- [TASK DIRECTIONS]
Print the lines below word for word, beginning with the first and ending with the line that holds "2015年9月19日,40位", and skip every picture.

*** SOURCE MATERIAL ***

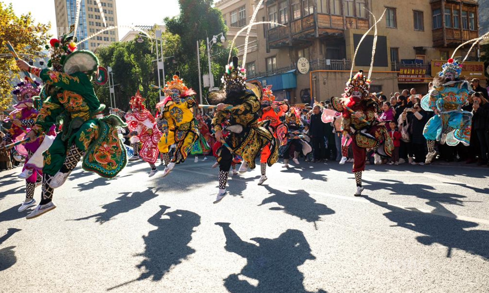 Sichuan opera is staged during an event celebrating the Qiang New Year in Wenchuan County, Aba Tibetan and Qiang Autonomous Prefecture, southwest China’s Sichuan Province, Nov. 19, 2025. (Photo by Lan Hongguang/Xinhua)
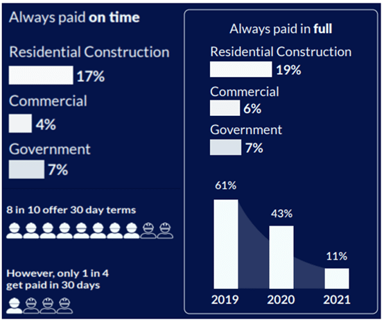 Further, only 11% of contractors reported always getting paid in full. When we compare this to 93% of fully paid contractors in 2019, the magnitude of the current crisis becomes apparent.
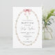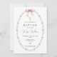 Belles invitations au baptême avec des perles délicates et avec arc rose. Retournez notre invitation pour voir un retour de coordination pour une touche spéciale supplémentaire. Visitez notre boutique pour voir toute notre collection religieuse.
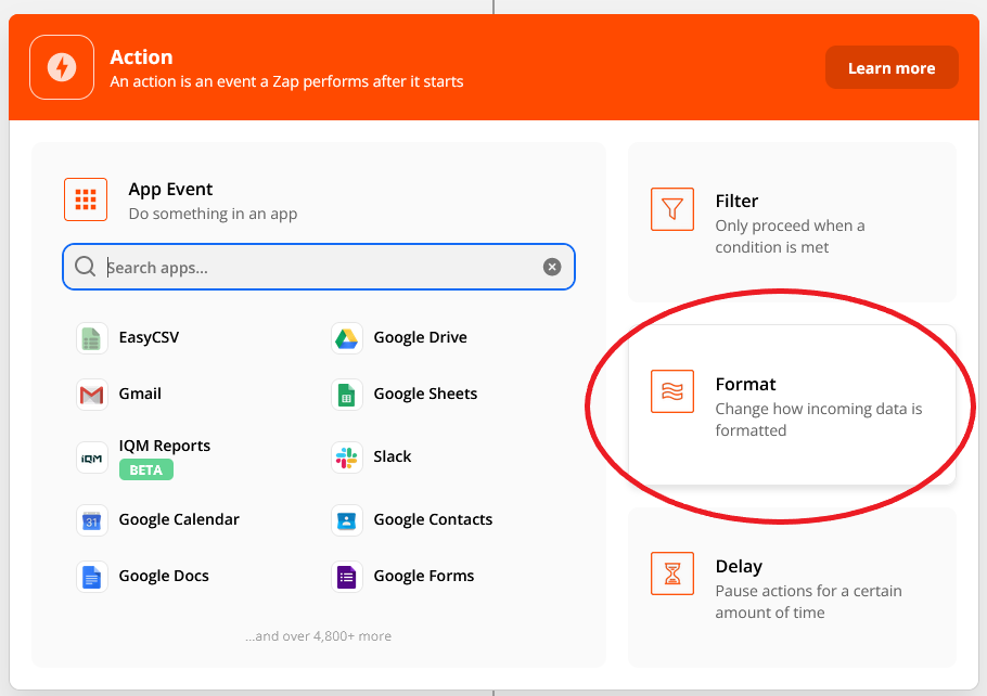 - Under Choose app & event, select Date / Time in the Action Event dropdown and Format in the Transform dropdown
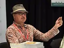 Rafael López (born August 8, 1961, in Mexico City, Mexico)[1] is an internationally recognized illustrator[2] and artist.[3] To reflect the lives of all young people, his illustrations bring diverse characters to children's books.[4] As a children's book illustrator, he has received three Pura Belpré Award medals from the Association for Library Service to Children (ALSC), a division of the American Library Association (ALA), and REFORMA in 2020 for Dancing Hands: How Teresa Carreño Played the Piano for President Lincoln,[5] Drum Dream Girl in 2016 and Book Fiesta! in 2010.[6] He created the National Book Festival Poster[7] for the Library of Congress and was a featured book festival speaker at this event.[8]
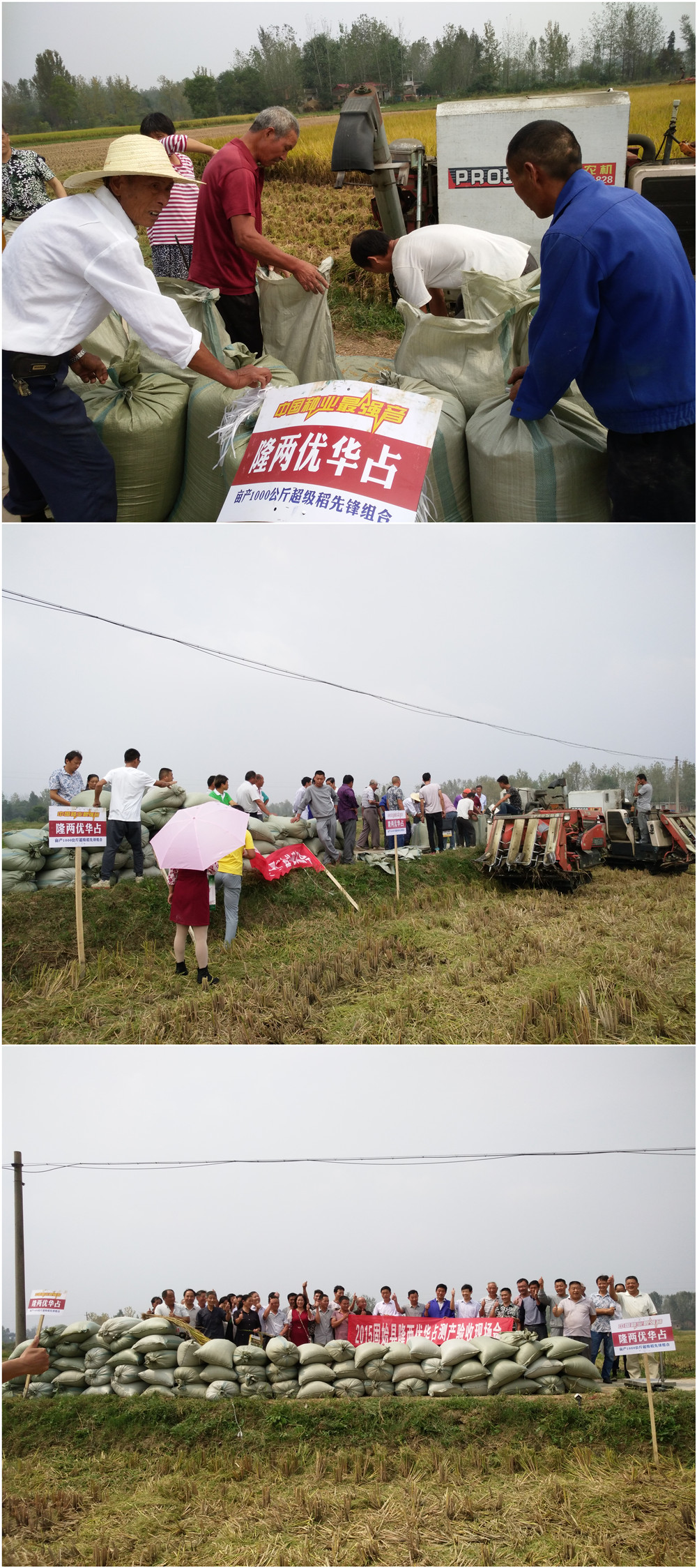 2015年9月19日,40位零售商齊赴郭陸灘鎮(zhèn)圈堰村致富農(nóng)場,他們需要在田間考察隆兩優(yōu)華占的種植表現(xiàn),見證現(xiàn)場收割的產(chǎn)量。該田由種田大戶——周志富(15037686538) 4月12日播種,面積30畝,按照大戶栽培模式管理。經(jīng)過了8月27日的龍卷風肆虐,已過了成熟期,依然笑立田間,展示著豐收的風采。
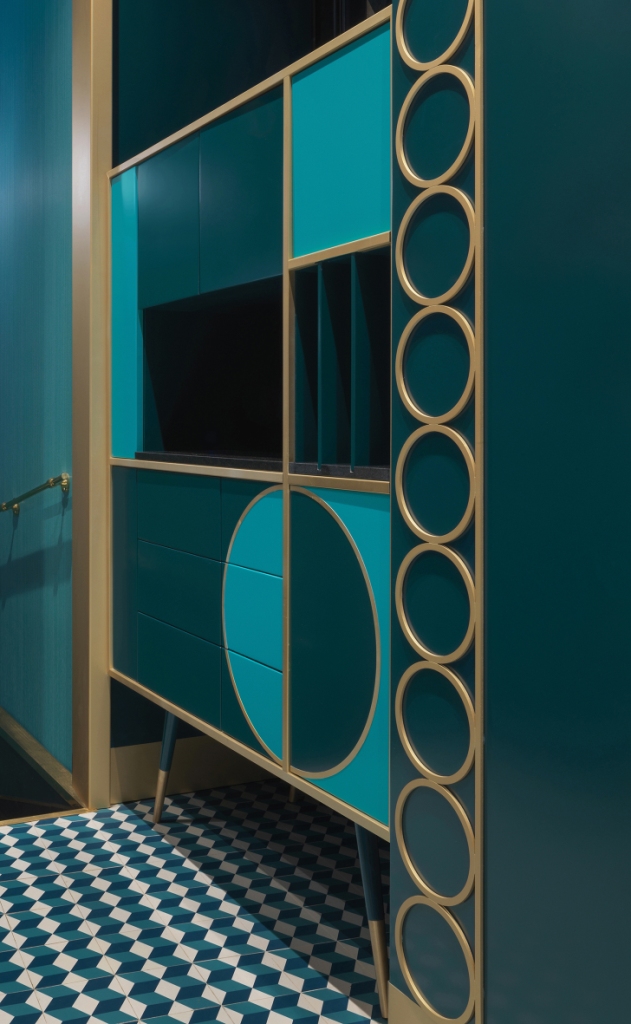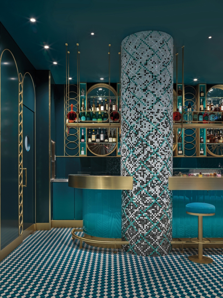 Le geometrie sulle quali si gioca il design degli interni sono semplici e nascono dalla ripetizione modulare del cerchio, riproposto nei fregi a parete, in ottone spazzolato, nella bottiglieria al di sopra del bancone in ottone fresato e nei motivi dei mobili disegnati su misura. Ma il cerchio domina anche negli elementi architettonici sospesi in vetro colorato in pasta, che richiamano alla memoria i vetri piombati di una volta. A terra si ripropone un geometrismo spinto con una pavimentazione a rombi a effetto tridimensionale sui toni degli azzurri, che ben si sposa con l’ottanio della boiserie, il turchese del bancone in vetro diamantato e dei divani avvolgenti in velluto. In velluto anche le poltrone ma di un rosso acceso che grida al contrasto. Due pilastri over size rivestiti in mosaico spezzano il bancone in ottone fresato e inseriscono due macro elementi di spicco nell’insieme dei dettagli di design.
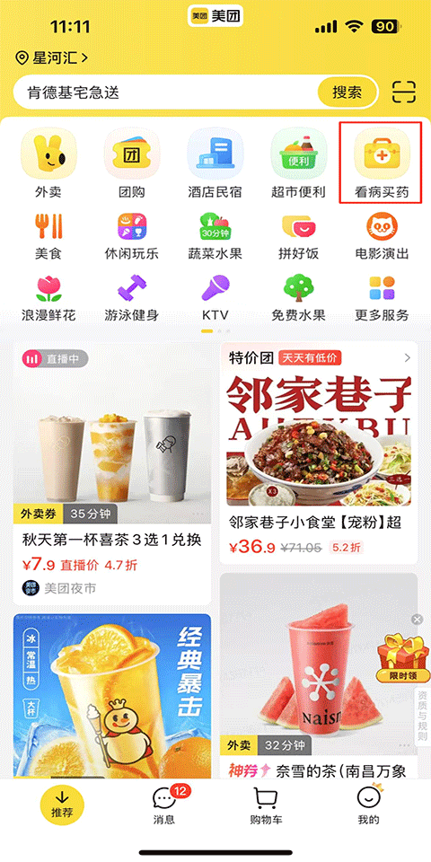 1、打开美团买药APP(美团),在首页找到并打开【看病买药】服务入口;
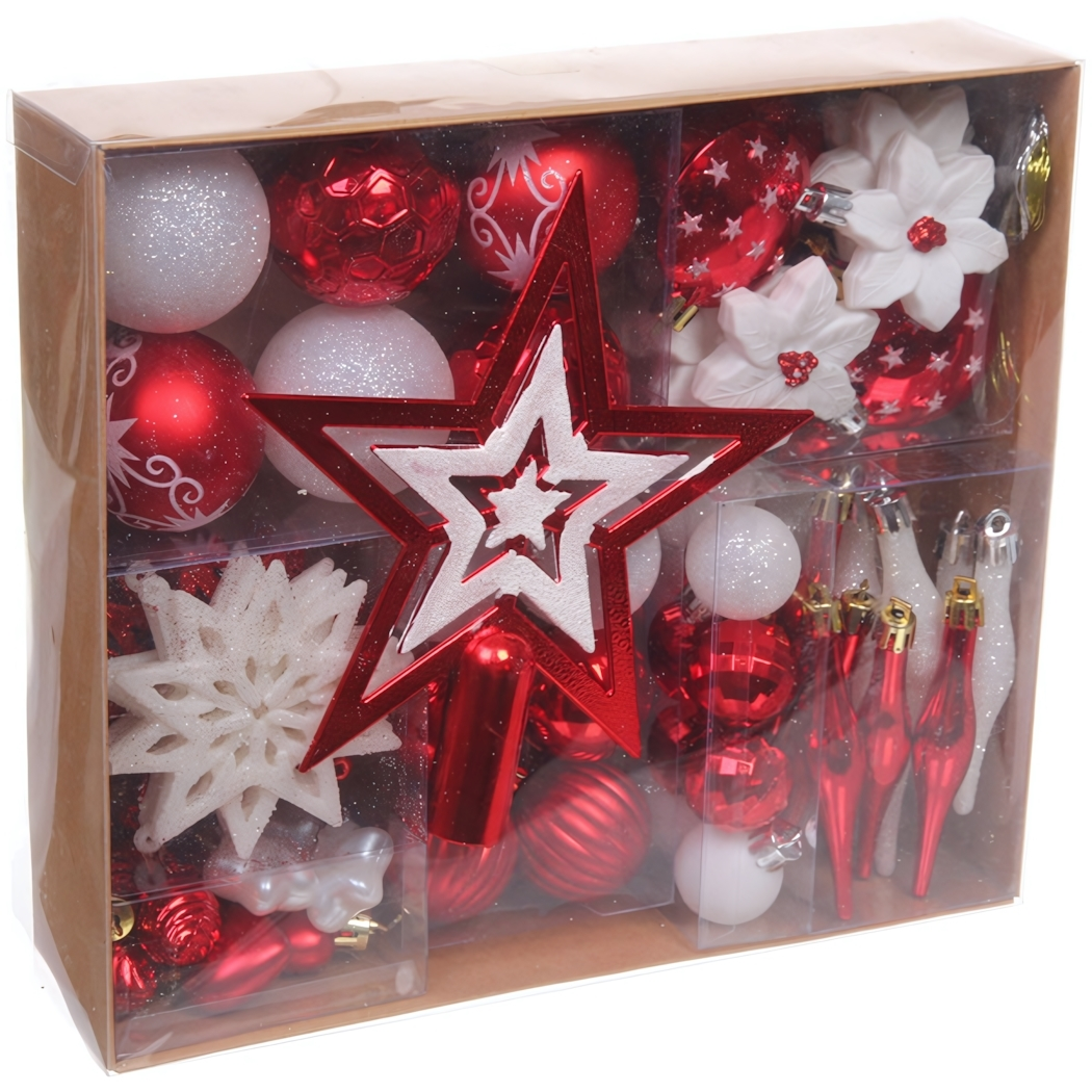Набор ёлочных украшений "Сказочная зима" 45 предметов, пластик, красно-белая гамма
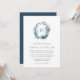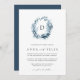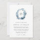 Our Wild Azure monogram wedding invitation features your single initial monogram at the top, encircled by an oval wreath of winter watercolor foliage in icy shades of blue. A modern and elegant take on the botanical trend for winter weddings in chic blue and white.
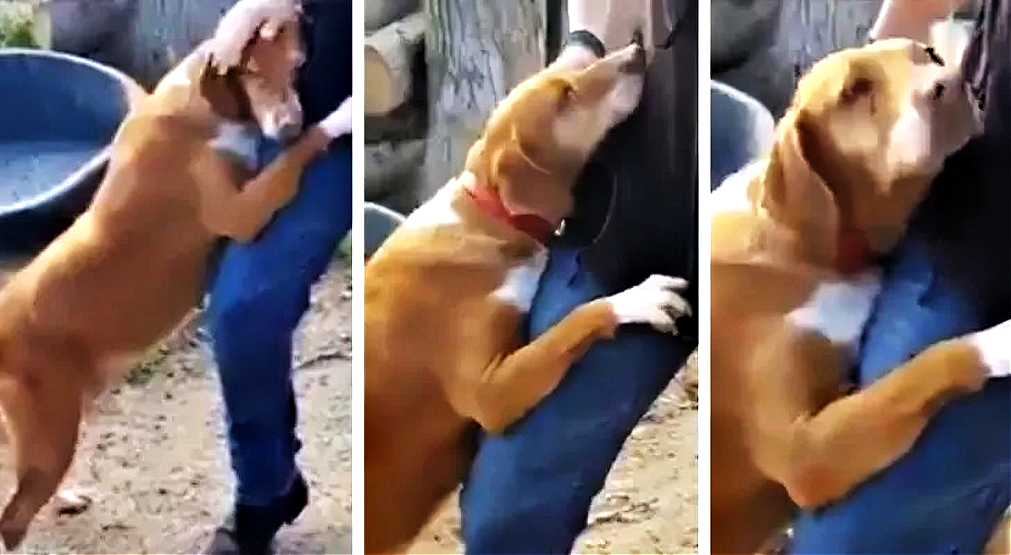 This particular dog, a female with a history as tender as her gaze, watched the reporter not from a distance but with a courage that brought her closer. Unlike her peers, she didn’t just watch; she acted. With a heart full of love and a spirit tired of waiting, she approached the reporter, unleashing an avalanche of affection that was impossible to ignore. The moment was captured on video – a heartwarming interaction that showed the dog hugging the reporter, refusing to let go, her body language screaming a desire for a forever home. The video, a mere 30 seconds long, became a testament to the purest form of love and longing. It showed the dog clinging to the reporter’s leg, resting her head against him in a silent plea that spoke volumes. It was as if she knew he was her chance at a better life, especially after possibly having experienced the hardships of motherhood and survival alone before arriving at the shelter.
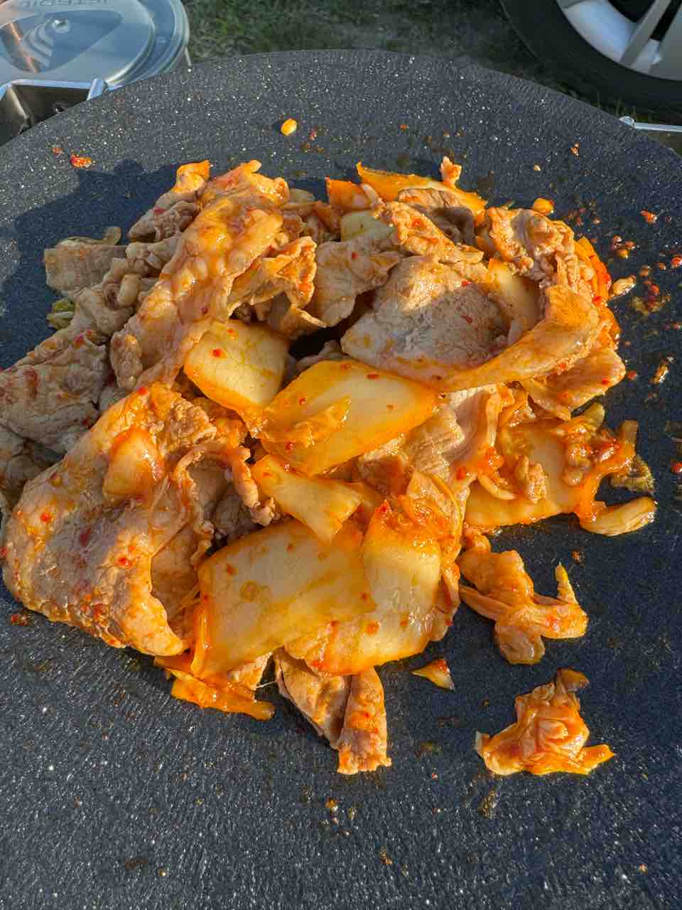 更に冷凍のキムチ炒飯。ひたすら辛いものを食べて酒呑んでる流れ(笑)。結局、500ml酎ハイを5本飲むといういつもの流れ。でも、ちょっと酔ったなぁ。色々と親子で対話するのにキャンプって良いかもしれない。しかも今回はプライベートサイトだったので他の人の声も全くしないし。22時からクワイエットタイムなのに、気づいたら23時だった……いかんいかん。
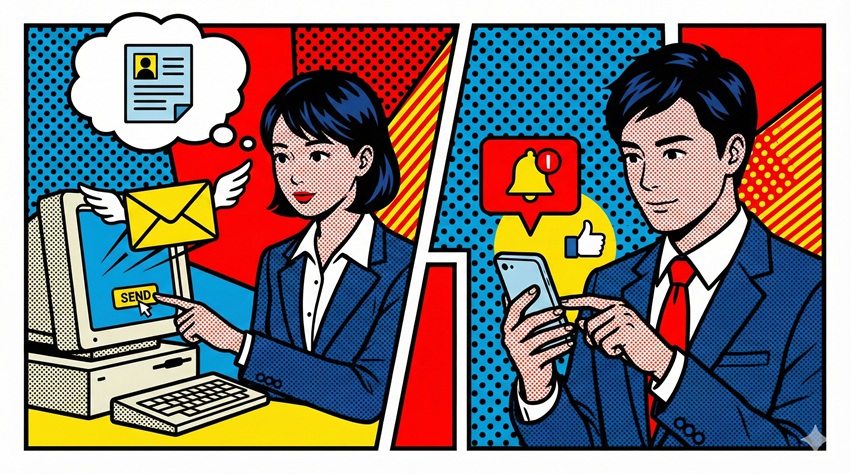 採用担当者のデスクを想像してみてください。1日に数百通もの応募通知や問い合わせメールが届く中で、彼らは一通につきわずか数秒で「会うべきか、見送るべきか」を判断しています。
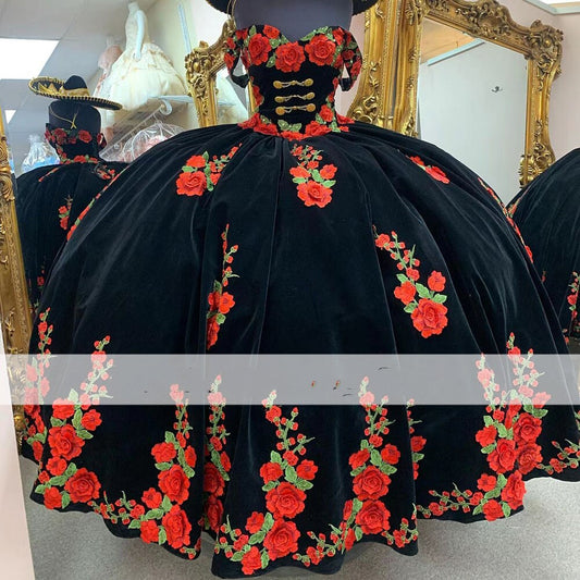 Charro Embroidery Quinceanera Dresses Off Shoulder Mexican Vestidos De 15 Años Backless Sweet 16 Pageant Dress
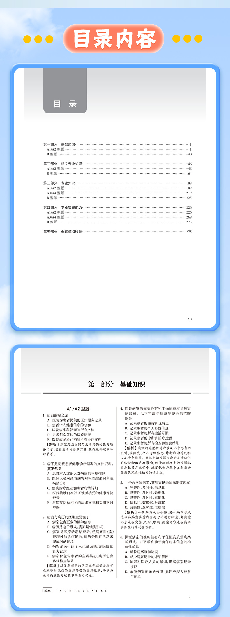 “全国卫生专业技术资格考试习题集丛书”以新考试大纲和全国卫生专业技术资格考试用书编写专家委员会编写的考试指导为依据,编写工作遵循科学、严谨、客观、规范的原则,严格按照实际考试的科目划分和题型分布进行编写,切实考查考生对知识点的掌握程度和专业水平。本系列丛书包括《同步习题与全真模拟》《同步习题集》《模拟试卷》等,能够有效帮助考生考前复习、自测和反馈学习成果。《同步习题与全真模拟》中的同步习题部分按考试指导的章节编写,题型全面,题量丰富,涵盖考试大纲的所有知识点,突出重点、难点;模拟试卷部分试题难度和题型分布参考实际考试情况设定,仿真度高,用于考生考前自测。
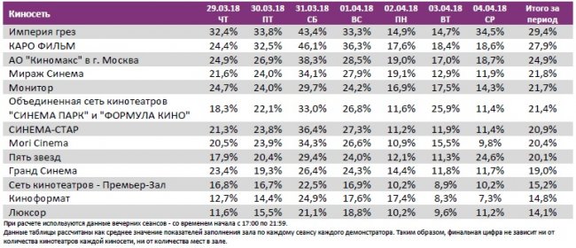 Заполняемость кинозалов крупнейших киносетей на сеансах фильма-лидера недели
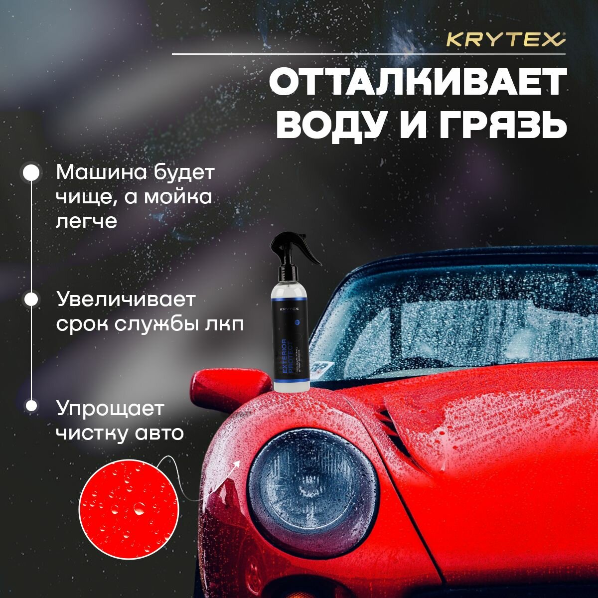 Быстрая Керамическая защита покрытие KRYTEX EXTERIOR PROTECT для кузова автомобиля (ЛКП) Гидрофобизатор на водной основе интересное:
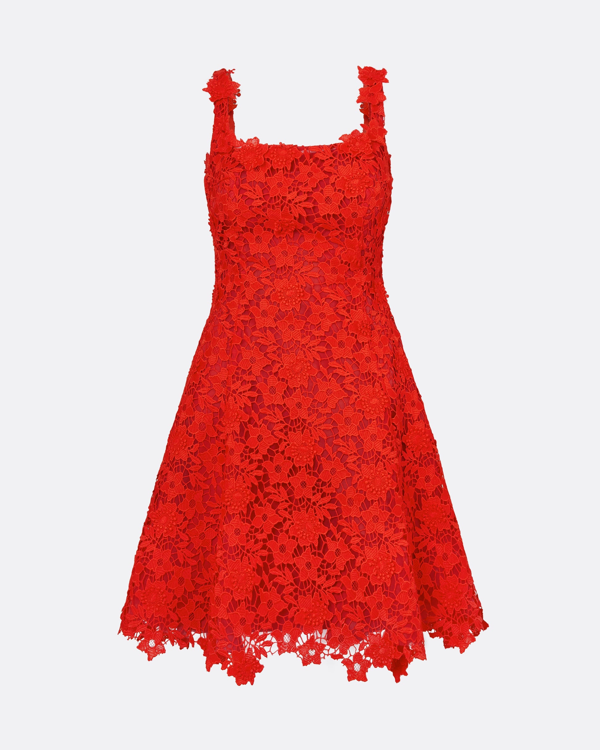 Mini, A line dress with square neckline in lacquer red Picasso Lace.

*** End of SOURCE MATERIAL ***

- [FINAL ANSWER]
 Sichuan opera is staged during an event celebrating the Qiang New Year in Wenchuan County, Aba Tibetan and Qiang Autonomous Prefecture, southwest China’s Sichuan Province, Nov. 19, 2025. (Photo by Lan Hongguang/Xinhua)
 Further, only 11% of contractors reported always getting paid in full. When we compare this to 93% of fully paid contractors in 2019, the magnitude of the current crisis becomes apparent.
 Belles invitations au baptême avec des perles délicates et avec arc rose. Retournez notre invitation pour voir un retour de coordination pour une touche spéciale supplémentaire. Visitez notre boutique pour voir toute notre collection religieuse.
 - Under Choose app & event, select Date / Time in the Action Event dropdown and Format in the Transform dropdown
 Rafael López (born August 8, 1961, in Mexico City, Mexico)[1] is an internationally recognized illustrator[2] and artist.[3] To reflect the lives of all young people, his illustrations bring diverse characters to children's books.[4] As a children's book illustrator, he has received three Pura Belpré Award medals from the Association for Library Service to Children (ALSC), a division of the American Library Association (ALA), and REFORMA in 2020 for Dancing Hands: How Teresa Carreño Played the Piano for President Lincoln,[5] Drum Dream Girl in 2016 and Book Fiesta! in 2010.[6] He created the National Book Festival Poster[7] for the Library of Congress and was a featured book festival speaker at this event.[8]
 2015年9月19日,40位零售商齊赴郭陸灘鎮(zhèn)圈堰村致富農(nóng)場,他們需要在田間考察隆兩優(yōu)華占的種植表現(xiàn),見證現(xiàn)場收割的產(chǎn)量。該田由種田大戶——周志富(15037686538) 4月12日播種,面積30畝,按照大戶栽培模式管理。經(jīng)過了8月27日的龍卷風肆虐,已過了成熟期,依然笑立田間,展示著豐收的風采。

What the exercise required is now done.